There are a number ways to develop a sports simulation engine; but all will use statistical information from real sporting events as the basis of probability for the events to be simulated. The depth (number) and breadth (relevance) of the statistics used contribute to the likelihood of a simulation producing realistic results. This is why, if you are familiar with the genre, you see a number of excellent baseball simulations. The law of large numbers dictates that the more times a trial occurs, the closer the results of those trials will resemble the mathematical probability of those events occurring. In baseball, for example, a player batting .300 with 500 AB, is likely to continue hitting about 30%, while a player batting .300 with 10 AB is not as likely to continue hitting so well: 3/10 could be a fluke, while 150/500 is likely not.
The limited number of games played in a season of high-school football naturally will make any attempted simulation less likely to represent true probability than an attempt with a sport like major league baseball.
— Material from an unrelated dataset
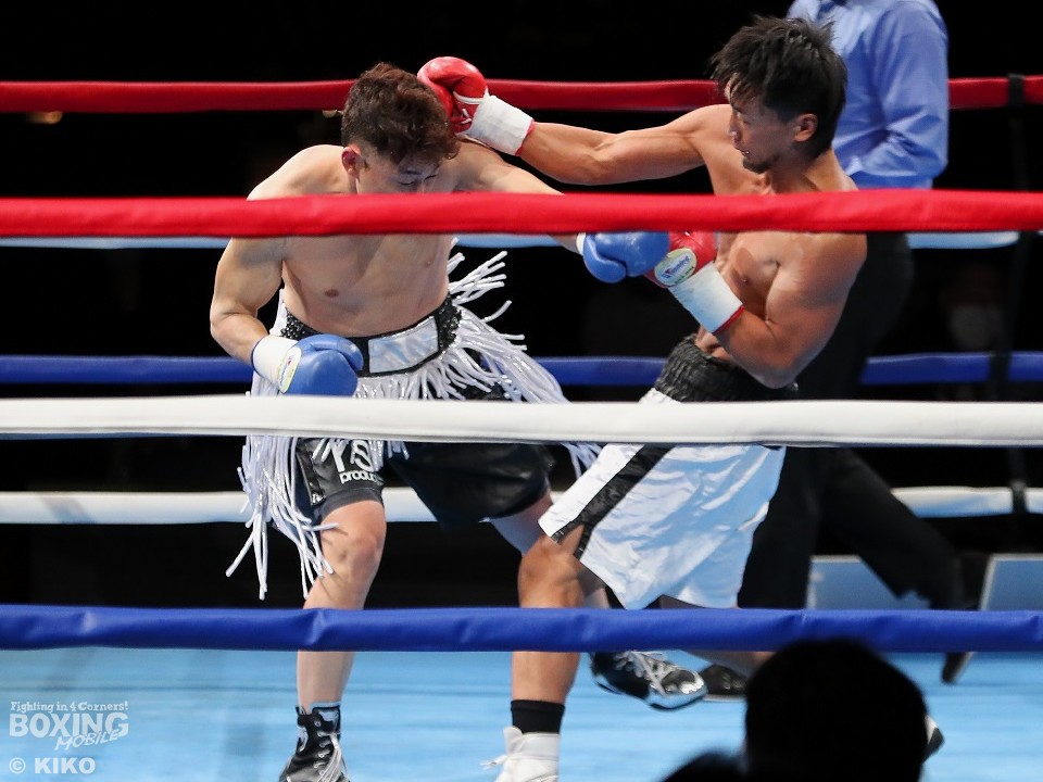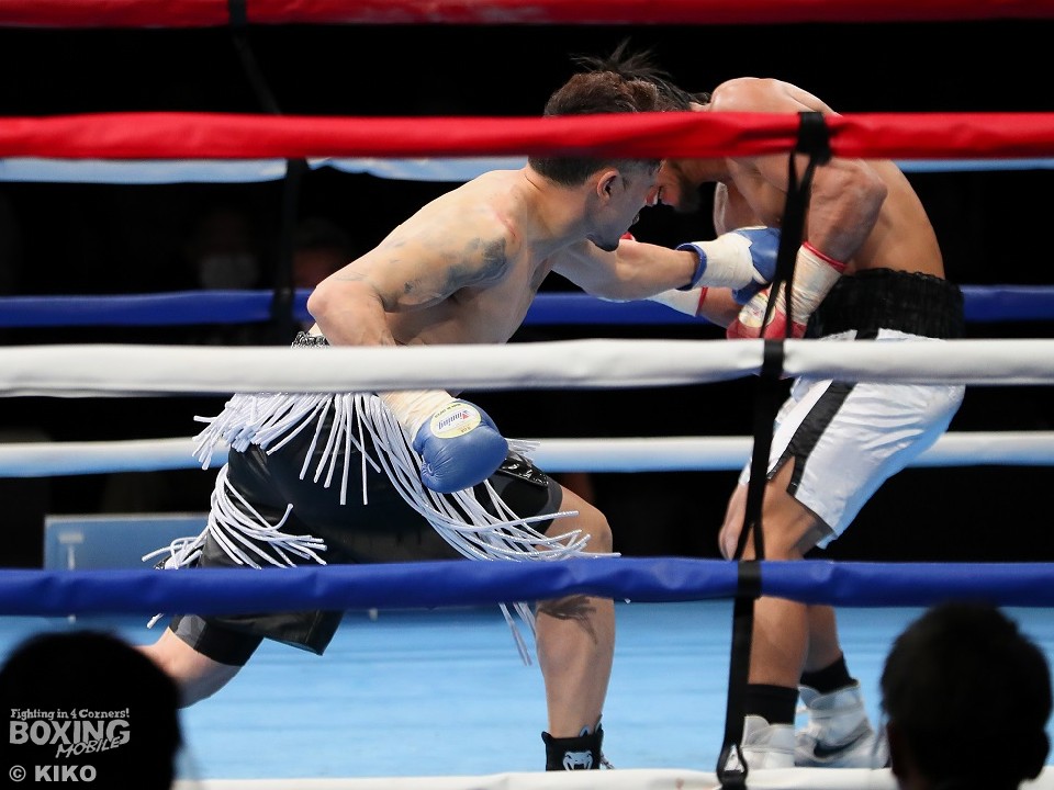 試合:サウスポー高橋が前の手で距離を測りながら左ストレートを狙うのに対し、浜崎は打ち終わりに右オーバーハンドを打ち込み対抗。2回、浜崎がワンツーで顔を弾くが高橋も左ストレートを好打し攻守が目まぐるしく変わった。3回、打ち合いは激しさを増しお互いに手数で譲らず。しかし、ラウンド終了間際に浜崎の回転力が勝った。4回、高橋はワンツーで顔をのけぞらせて攻勢をかけるが、浜崎も懸命に打ち返し試合終了のゴングを聞いた。ジャッジに委ねられた採点は三者三様の引き分けだった。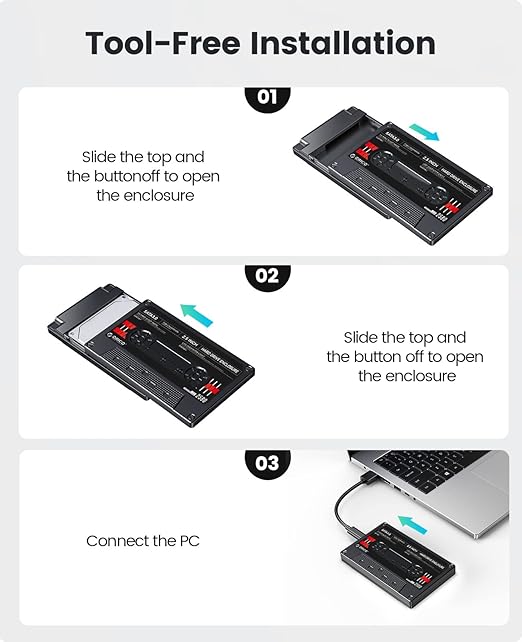 ORICO 2.5インチ HDD ケース USB C 3.2 Gen 1-SATA III コンピュータ HDD ケース 7/9.5mm HDD SSD 対応 ポータブル 外付けハードディスク ケース 最大6TB PS4 Samsung WD Seagateに対応 2580-C3 a | PCBASE

The variability of the competition at the high school level also serves to make simulation somewhat weak. That is, while I can be fairly certain the degree of talent and skill will not vary much from year to year in a professional league, I can not be so sure that it will not vary a great deal from year to year in a high school league like the MVL. This varying level of competition from year to year may make weaker teams appear statistically stronger than the team truly was on the field.
That being said, it is fun to try! So here's what I've done.
This Simulation Engine
I used PF/g & PA/g as the base data for each team. These numbers were intended to represent offensive and defensive strength respectively. I then found the difference between PF/g of each team and the PA/g of their opponents; and the difference between PA/g of each team and PF/g of their opponents. This step is intended to take into account the strength of a team's opponents with respect to offense and defense, respectively.
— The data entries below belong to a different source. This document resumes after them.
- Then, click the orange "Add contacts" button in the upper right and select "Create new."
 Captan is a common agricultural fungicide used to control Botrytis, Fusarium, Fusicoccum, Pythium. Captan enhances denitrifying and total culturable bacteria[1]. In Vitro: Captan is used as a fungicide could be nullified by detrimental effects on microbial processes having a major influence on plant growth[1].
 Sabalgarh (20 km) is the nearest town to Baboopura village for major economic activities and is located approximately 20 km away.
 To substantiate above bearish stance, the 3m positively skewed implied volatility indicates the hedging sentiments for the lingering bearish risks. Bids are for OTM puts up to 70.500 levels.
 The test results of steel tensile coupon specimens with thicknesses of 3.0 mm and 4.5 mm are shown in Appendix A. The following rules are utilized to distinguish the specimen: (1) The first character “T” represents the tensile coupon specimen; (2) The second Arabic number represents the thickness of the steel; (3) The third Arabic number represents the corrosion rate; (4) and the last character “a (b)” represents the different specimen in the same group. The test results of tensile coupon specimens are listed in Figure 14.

Offense: Team PF/G - OPP PA/GM --------- ---- --------- SH (2004) 50.5 - 20.64 = 29.86The number 29.86 tells me that in 2004 Sheridan scored 29.86 more points per game than their opponents gave up on average, and the number (-11.38), tells me that 2004 Sheridan gave up 11.38 fewer points than their opponents scored on average.
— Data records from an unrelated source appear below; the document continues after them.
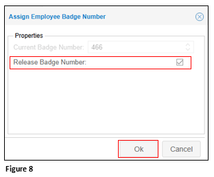 3. On the Assign Employee Badge Number screen, check Release Badge Number. Click OK (Figure 8).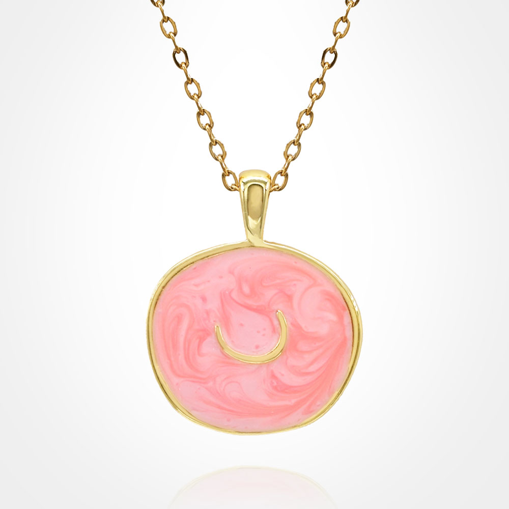 Stainless Steel Swirl Enamel Tilted Crescent Embossed Pendant Necklace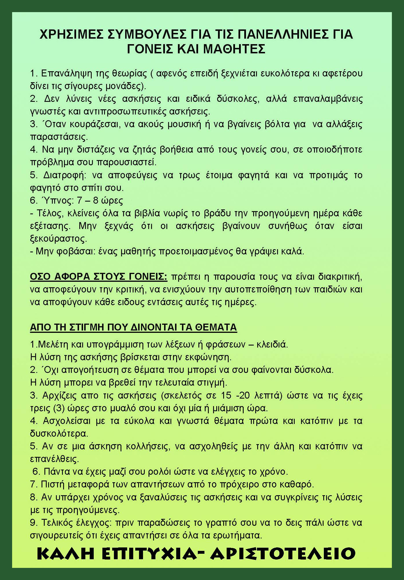 Χρήσιμες Συμβουλές για τις Πανελλήνιες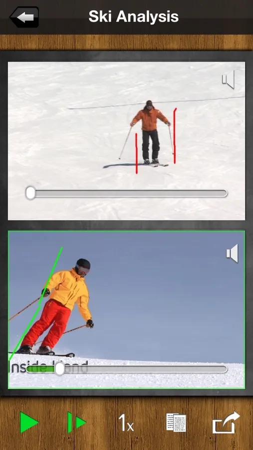Video recording capabilities (device permitting) allow you to compare your skiing with instructor demos using split screen video analysis. Draw on the screen to highlight points then share on social media.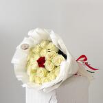 21 white roses with red rose

Defense: Team PA/G - OPP PF/GM --------- ---- --------- SH (2004) 3.38 - 14.75 = (-11.38)
These numbers are then added to the average ppg of the league for the year in question and that number is divided by average ppg of the league. In this case the average ppg was 18.72. So (29.86+18.72)/18.72 = 2.59. This tells me that Sheridan, playing the average team of 2004, will score 2.59 times what the average team would score in the same year. The same is done with respect to defense (-11.38+18.72)/18.72=.039. This tells me that Sheridan, playing the average team of 2004, will allow only 4% of what the average team would allow. This is how I've adjusted for era, as a team scoring 50 points in an era where the average team was scoring 20, will likely be much weaker than a team scoring 50 points in an era where the average team was scoring 10.
These two numbers, 2.59 (off) & .039 (def) were then put into polynomial equations that represent a curve from the strongest team to the weakest team. The equations used are as follows:
Offense: -10.898 x^2 + 68.162 x - 5.2442
Defense: -0.8287 x^6 + 12.478 x^5 - 7.853 x^4 + 202.52 x^3 - 253.82 x^2 + 68.244 x + 94. 614.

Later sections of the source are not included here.